Acho que são navios que não vão acrescentar nada à nossa defesa, com apenas um canhão de 40 mm é melhor usar um bote inflável!!! Eles tem que possuir mísseis e defesa AA adequada, pois basta ler as notícias e ver o que aconteceu com um navio bem mais armado da Georgia. Esses navios são destruídos antes de completar 1 dia de mar. Tem outras classes de NaPa muito mais avançadas do que essa escolhida. Nossa Marinha tem que pensar grande.
É isso ai Nunão, para mim são exatamente isso que vc descreveu, ou seja um complemento e no final das contas substitutos dos Gururus. Vinte anos deve ser o limite mesmo, e devemos lembrar que os Gururus mais antigos já atingiram os 15 anos de servico.
Os Gururu´s são os navios que fazem em media maior numero de dias de mar e milhas navegadas na Marinha. Quem não gosta de embarque deve odiar embarcar neles, mas para quem gosta deve ser um barato.
Isso é verdade! É um navio só para gente grande mesmo, pq é dureza a vida nele.
Queria ver muitos aqui do Blog uns 3 dias à bordo. rsrsrsrsrs
http://www.alide.com.br/artigos/gurupi/index.htm
Pois é minha gente, corre na boca pequena que a “partilha” para o fornecimento de equipamentos para as FAs já está costurado.
Ao que parece a Russia vai fornecer os Helicópteros de ataque Mil-35 para a FAB e o EB. A França fornecerá tecnologia para os submarinos Scorpene e a tecnologia para a construção de fragatas FREMM para a Marinha e para a FAB e o EB, fornecerá helicopteros Cougar atravéz da Helibras.
E pasmem… Os EUA estão vindo de sola, pegando pesado mesmo!
Querem de qualquer maneira fornecer o Super Hornet para a FAB. Mesmo que para isso tenham que abrir ,nem que seja um pouquinho, as novas tecnologias para parceiros Brasileiros.
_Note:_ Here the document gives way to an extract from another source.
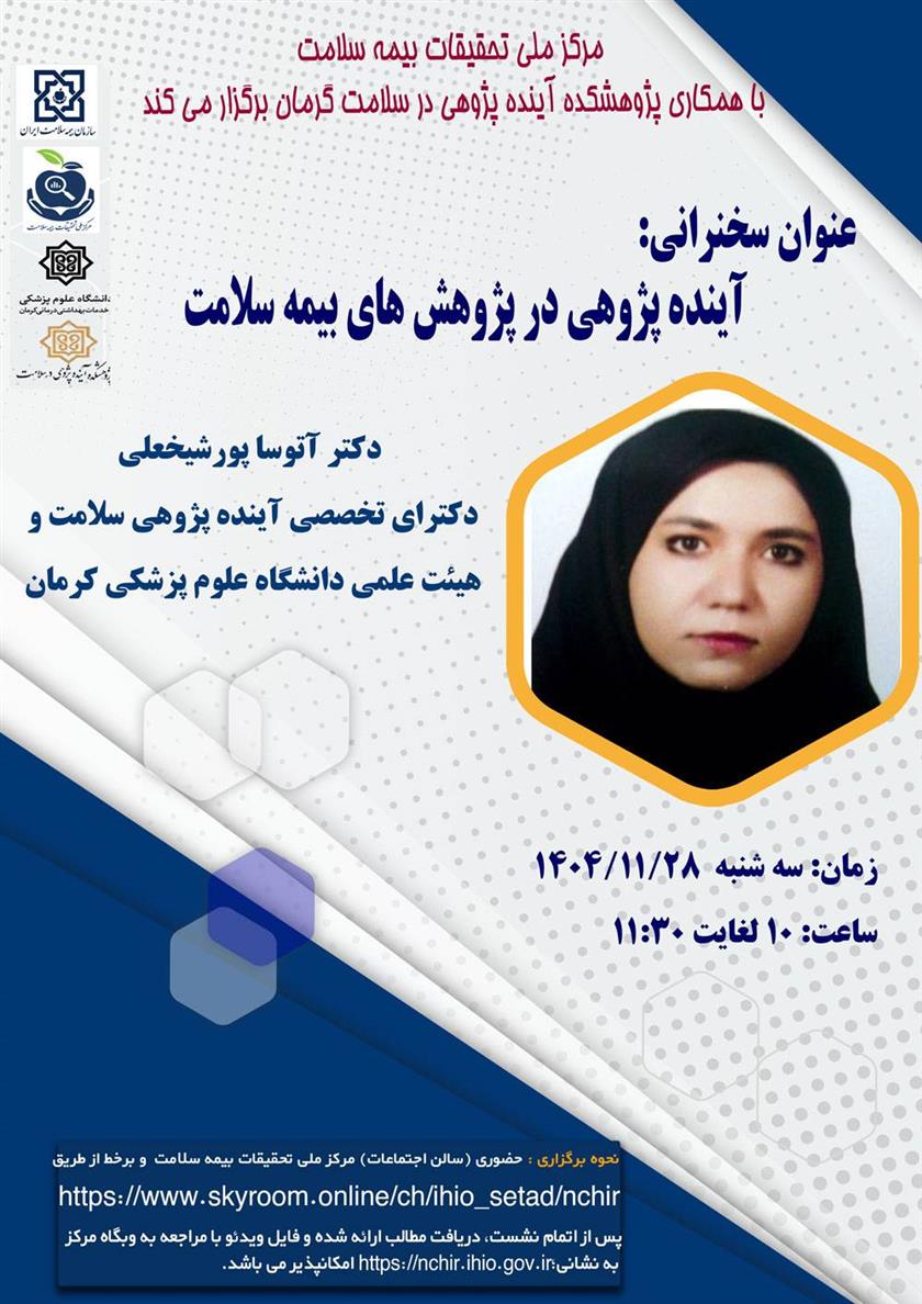 نشست علمی - تخصصی آینده پژوهی در پژوهش های بیمه سلامت ۲۶ بهمن ۱۴۰۴ | ۱۲:۱۹ کد : ۵۸۰۱۲ اطلاعیه ارسال به دیگران نام شما ایمیل شما ایمیل دریافتکننده ارسال انصراف تعداد بازدید:۷۳۹ نشست علمی - تخصصی آینده پژوهی در پژوهش های بیمه سلامت

Além disso, estão oferecendo uma pancada de contra-partidas econômicas e o fornecimento de uma substancial quantidade de equipamentos dentre eles, obúses tracionados de 155mm e autopropulsados M-109 para subtituir velhos obúses M-104 e complementar os atuais M-109 do EB. Ainda oferecem para a Marinha navios petroleiros de esquadra.
Caso tudo isto seja verdade, pricipalmete no que tange a os interesses dos EUA. Realmente o discurso de que o Brasil, Chile e Colombia são os países-chave e sumamente estratégicos para eles na América do Sul se confirma. Pincipalmete depois do surgimento de Hugo Chávez na Venezuela e da crescente influência Russa com a venda de seus armamentos para aquele governo e da proliferação da influência deste, nos outros governos populistas na América do Sul.
Aos editores do blog, só uma pequena correção, em prol da informação correta.
A Diretoria de Engenharia Naval é DEN, e não DEM.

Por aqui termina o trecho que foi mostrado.